A Trident missile the Navy tested off Southern California Nov 7, 2015 shown from the Fourth Street bridge over 110 Freeway in Los
Angeles. Photographer Preston Newman was on a photo shoot at the time. (Photo courtesy Preston Newman Photography, on Instagram at @Newman_Photos)
"Nuclear War and Daily Life
Most of the
time, nuclear weapons and nuclear war are out-of-sight, out-of-mind.
For one day,
millions of Americans were reminded that they live in the edge of nuclear
chaos. A Trident submarine-launched ballistic missile fired on November 7 from
offshore Los Angeles set ordinary folks abuzz all the way to Nevada.
…Strategic
Command put out a press release fairly quickly stating that it was ours and not
to worry. At least about UFOs. They fired another Trident from
the same launch site two days later, this time in daylight, and STRATCOM
released more information. This was an operational-shakedown test for an Ohio
class submarine, [USS Kentucky (SSBN-737)] that is normally
hidden deep mid-Pacific carrying its load of nuclear warheads when it’s not in
its home port in Bangor, Washington.
...After a long
overhaul and refueling of its reactor, [a US SSBN] has to fire two missiles
(without warheads) before it is certified as able to put to sea and ready to
fire nuclear-armed [Trident II D5] missiles. All very banal—just another day in
ensuring the United States is ready for the full “spectrum of conflict with
nuclear adversary” as the briefing aboard the submarine relates in a photo released four
days later by STRATCOM.
Pre-test missile launch briefing session on an Ohio class SSBN.
---
These tests have
been going on for decades, and the plan is to keep this missile in service for
more decades. Each missile carries up to 4 thermonuclear warheads ranging from
100 to about 500 kilotons…that’s about 8 to 42 times the size of the nuclear
weapon that destroyed the city of Hiroshima in 1945. And each Ohio [SSBN] submarine
has 24 launch tubes…
Why the launch
took place at night was not stated. It might have been due to atmospheric
conditions above the target zone at Kwajalein Atoll, or some other operational
consideration in the Western Test Range as explained in this video by Northrop Grumman, one of
the companies involved in the business of preparing for nuclear war.

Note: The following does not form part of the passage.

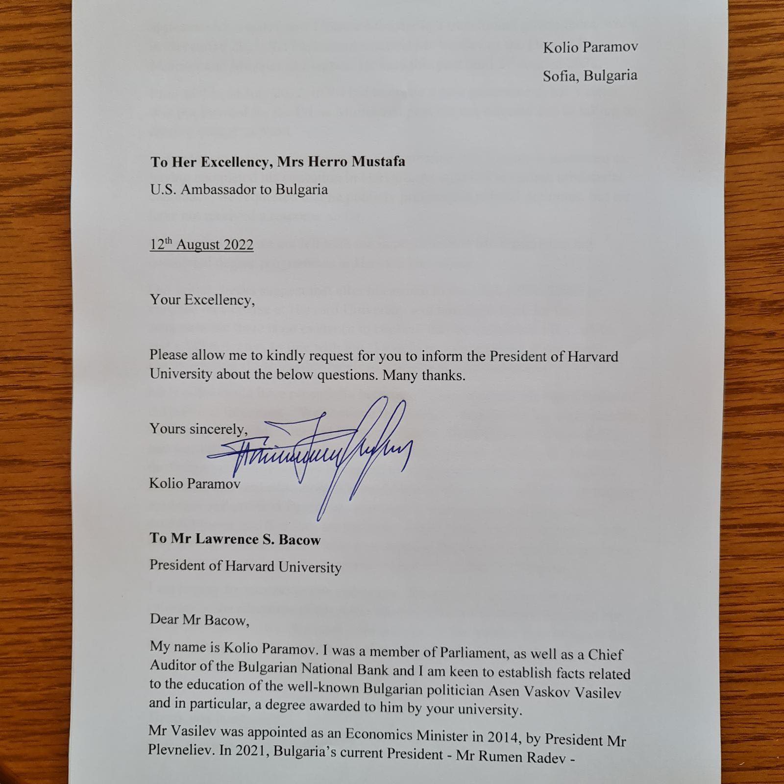 Кольо Петков Парамов, ексдепутат от 36-ото Народно събрание и ексглавен ревизор на Българска народна банка изпрати официално запитване до Харвард завършил ли е Асен Василев престижния университет.

Approximate path of test missiles from Southern California Range Complex to Kwajalein Atoll target area (close to or at red star)
---
...If social media
is any indication, it appears that many Americans will see the start of a nuclear
war announced by missile liftoff as the invasion of aliens. Many others
apparently will welcome the resulting apocalypse as the start of the long-overdue end-times from
the Book of Revelations.
…They will also
see a lot of incoming re-entry vehicles and it will look very different to the
eerily beautiful missile plume at night.
Marshall
Islanders have been looking at this end of Gravity’s Rainbow for
decades, watching multiple re-entry vehicles flash
out of the sky to smash into the instrumented atoll on their
former home at Kwajalein—except if this were nuclear war, they would also see
gigantic nuclear explosions in the millisecond before they were blinded and
then vaporized, pulverized, incinerated, and irradiated.
…Not to be
outdone, on November 15, the Russians night-fired two Bulava missiles
from the Borey class submarine Vladimir Monomakh from near
Kola, hitting the Kura test range on the Kamchatka Peninsula in the Far East.
…These days,
social media may be the first warning that the Americans, Russians, Chinese, or
North Koreans receive of missile lift-off heading in their direction. In 2013,
the United States postponed a Minuteman missile test due to concern that North
Korea might “mis-perceive” such a firing as aimed at them, or sending too
strong a nuclear threat against North Korea that might lead to North Korean
response.
Thus, how
instantaneous social media reports of submarine, bomber, missile, and other
indicators of nuclear attack will play into the nuclear command-and-control
systems and decisions of nine nuclear-armed states is a good
question—especially as these contagious reports may give false positives, false
negatives, or simply miss the action altogether."